- [Dataset records]:
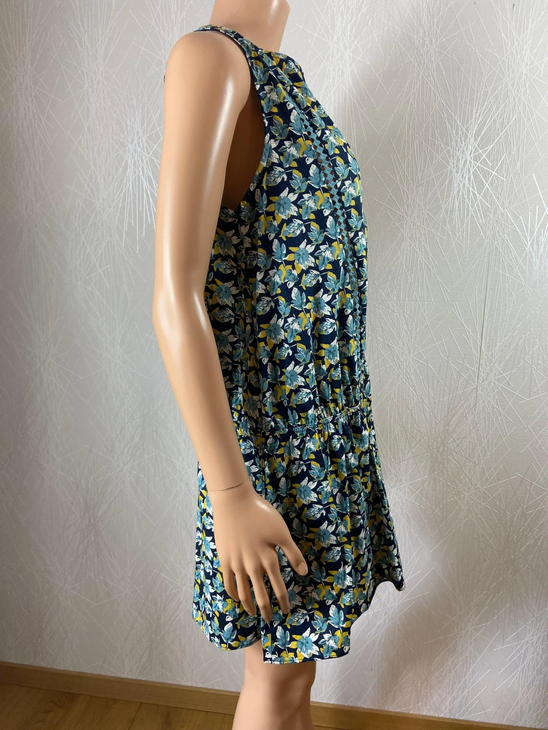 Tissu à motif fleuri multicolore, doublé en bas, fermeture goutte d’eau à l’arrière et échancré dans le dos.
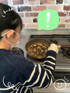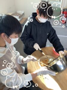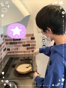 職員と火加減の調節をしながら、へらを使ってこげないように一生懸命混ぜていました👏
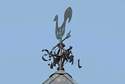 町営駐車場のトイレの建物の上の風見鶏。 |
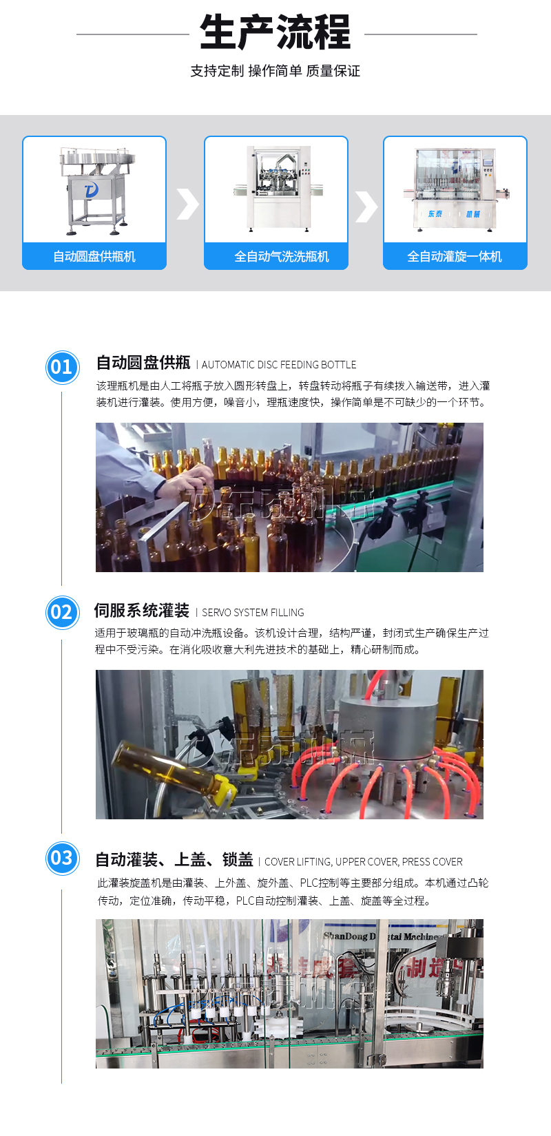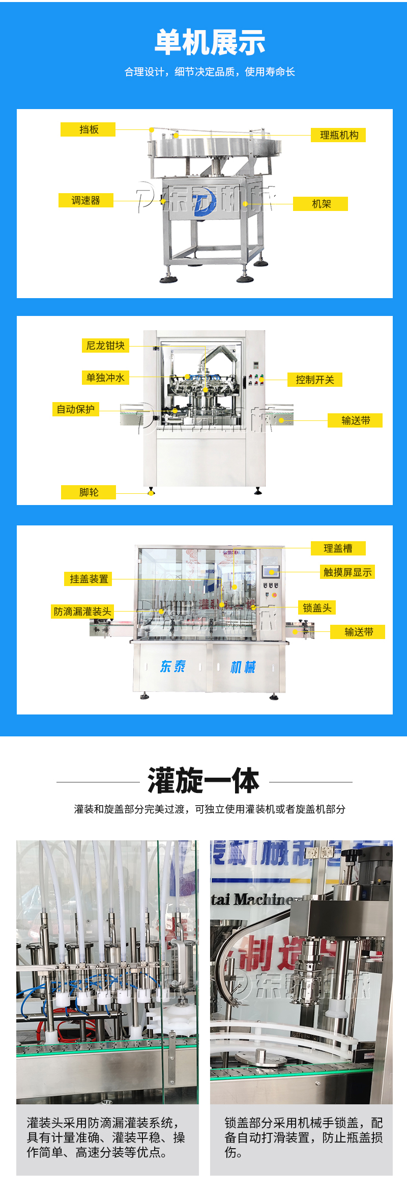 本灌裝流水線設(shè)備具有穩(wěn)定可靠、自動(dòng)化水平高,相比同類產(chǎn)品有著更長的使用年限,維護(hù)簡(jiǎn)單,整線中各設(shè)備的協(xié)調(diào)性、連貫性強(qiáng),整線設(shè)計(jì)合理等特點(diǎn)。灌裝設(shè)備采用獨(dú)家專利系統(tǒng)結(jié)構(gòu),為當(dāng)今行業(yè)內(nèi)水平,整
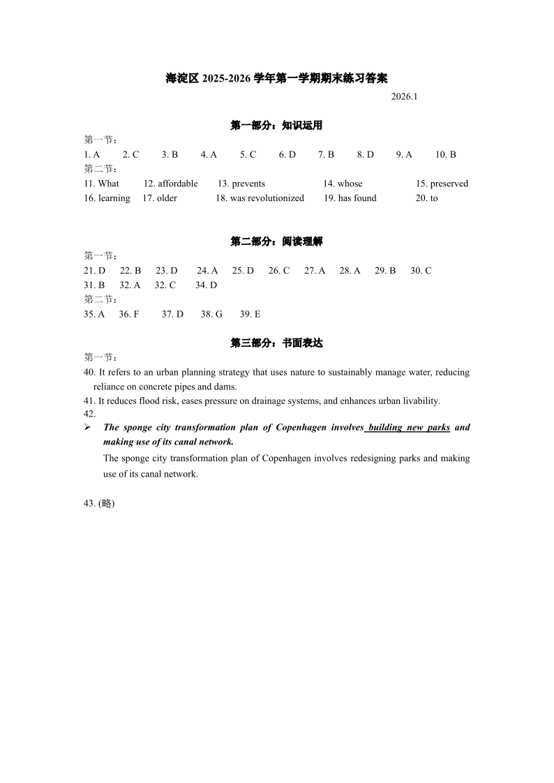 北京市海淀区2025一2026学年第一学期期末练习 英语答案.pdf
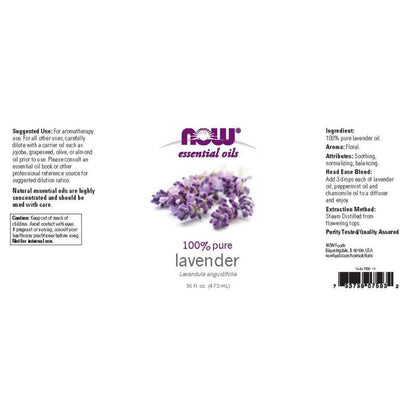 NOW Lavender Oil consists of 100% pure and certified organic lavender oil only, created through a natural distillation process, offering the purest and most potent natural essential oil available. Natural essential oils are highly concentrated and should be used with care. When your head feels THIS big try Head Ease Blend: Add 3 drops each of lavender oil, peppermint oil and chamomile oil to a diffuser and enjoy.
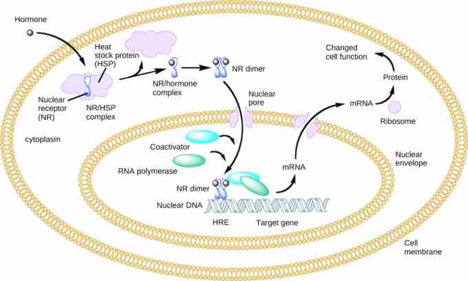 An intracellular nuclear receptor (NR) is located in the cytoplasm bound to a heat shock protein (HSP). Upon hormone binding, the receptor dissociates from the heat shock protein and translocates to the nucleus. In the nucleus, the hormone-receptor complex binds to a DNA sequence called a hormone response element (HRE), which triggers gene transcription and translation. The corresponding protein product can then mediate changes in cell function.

- [Requirement]: Write out exactly, and only, the lines running from the line with "町営駐車場のトイレの建物の上の風見鶏。 |" to the last line above, both included, with all pictures omitted.

- [Task answer]:
 町営駐車場のトイレの建物の上の風見鶏。 |
 本灌裝流水線設(shè)備具有穩(wěn)定可靠、自動(dòng)化水平高,相比同類產(chǎn)品有著更長的使用年限,維護(hù)簡(jiǎn)單,整線中各設(shè)備的協(xié)調(diào)性、連貫性強(qiáng),整線設(shè)計(jì)合理等特點(diǎn)。灌裝設(shè)備采用獨(dú)家專利系統(tǒng)結(jié)構(gòu),為當(dāng)今行業(yè)內(nèi)水平,整
 北京市海淀区2025一2026学年第一学期期末练习 英语答案.pdf
 NOW Lavender Oil consists of 100% pure and certified organic lavender oil only, created through a natural distillation process, offering the purest and most potent natural essential oil available. Natural essential oils are highly concentrated and should be used with care. When your head feels THIS big try Head Ease Blend: Add 3 drops each of lavender oil, peppermint oil and chamomile oil to a diffuser and enjoy.
 An intracellular nuclear receptor (NR) is located in the cytoplasm bound to a heat shock protein (HSP). Upon hormone binding, the receptor dissociates from the heat shock protein and translocates to the nucleus. In the nucleus, the hormone-receptor complex binds to a DNA sequence called a hormone response element (HRE), which triggers gene transcription and translation. The corresponding protein product can then mediate changes in cell function.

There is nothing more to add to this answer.